Eye-wateringly young, dangerously rebellious, Holy Esque have arrived in a monumental way. Their debut self-titled EP is brimming with the sort of ambition that continues to make the music industry the leading entertainment outlet for the upcoming generations.
Formed in Glasgow at the start of 2011, the four-piece garage band describe themselves as a post-punk revival outfit. The influences are clear upon listening to the EP. The big, riveting riffs and distorted percussion invoke memories of all that was good about Echo and the Bunnymen.
Pay Hynes, the charismatic front man and guitarist lends a voice that can only be described as unique. Painfully tragic in its delivery, his unabashed take on the remorseful, thoughtful, eternally downtrodden indie lead singer is both refreshingly startling and startlingly refreshing.
Releasing a debut of this caliber sets a high standard for Holy Esque. Yet the oozing confidence and refined tome of their storytelling and musical ability belie the group’s comparative youth. The oldest barely out of his teens.
Stealing the show is ‘Loneliest Loneliness’, a tempered, brooding number that illicit images of abandoned dockyards and the forgotten dignity of a city and its people no struggling to cope with their reality. Not out of place on a post-punk album of twenty years past, it perfectly sums up Holy Esque’s ambitions and ode to an era in British music they were sadly born too late to experience first hand.

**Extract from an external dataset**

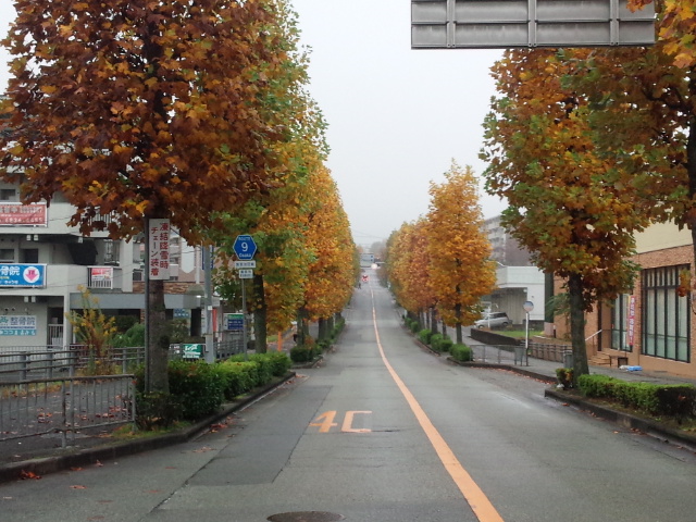 いつものバス停の前の道の街路樹がとても美しく紅葉していたので道路の真ん中に立って西の方向を撮影しました。すぐ後ろに信号機のあるT字路があるので車の音を気にしながらの命がけの撮影でした。まっすぐな道って美しいですね。
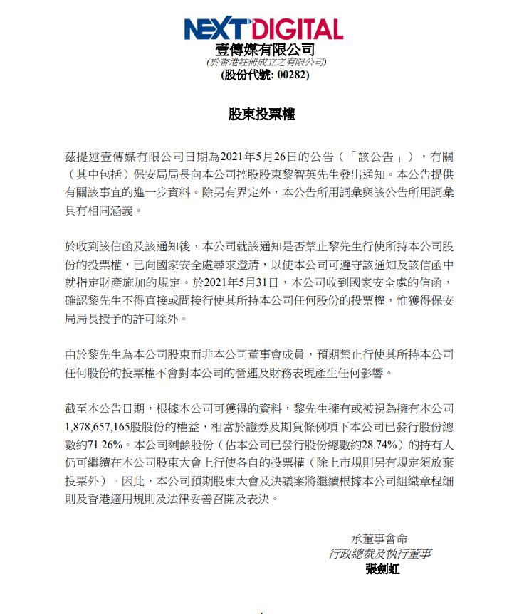 壹傳媒指出,於5月26日的公告,有關保安局局長向黎智英發出通知,公告就有關事宜提供進一步資料。公司指出收到該信函及通知後,就該通知是否禁止黎智英行使所持公司股份的投票權,已向國家安全處尋求澄清,以使公司可遵守該通知及信函中就指定財產施加規定。於5月31日公司收到國安處信函,確認黎智英不得直接或間接行使其所持有的公司投票權,惟獲得保安局局長授予許可除外。

Yet where some bands would falter and sound like tributes to this era, Holy Esque are fueled by it. Their circumstances act as the fire that lights their defiant love for an altogether overlooked era of importance in this country’s musical history.
Teaming with a renowned producer has helped this band enormously. Kevin Burleigh, the man behind Glasvegas, has his influence all over this EP. To that end comes the one gripe of the work. Production values are therefore incredibly high for a group of this standing and relative new coming to the scene.
It is with this arsenal of an industry name that the band has garnered the media’s attention already. Heavily touted in the likes of NME, Holy Esque are being set up as Glasgow, and by extension Scotland’s, next top band.
Do they need this fanfare of endorsements bordering on megalomania? Only time can answer that question. The band’s talent is a firm foundation from which to launch. They will no doubt succeed beyond their wildest fantasies. The trick is to get in on the bottom floor.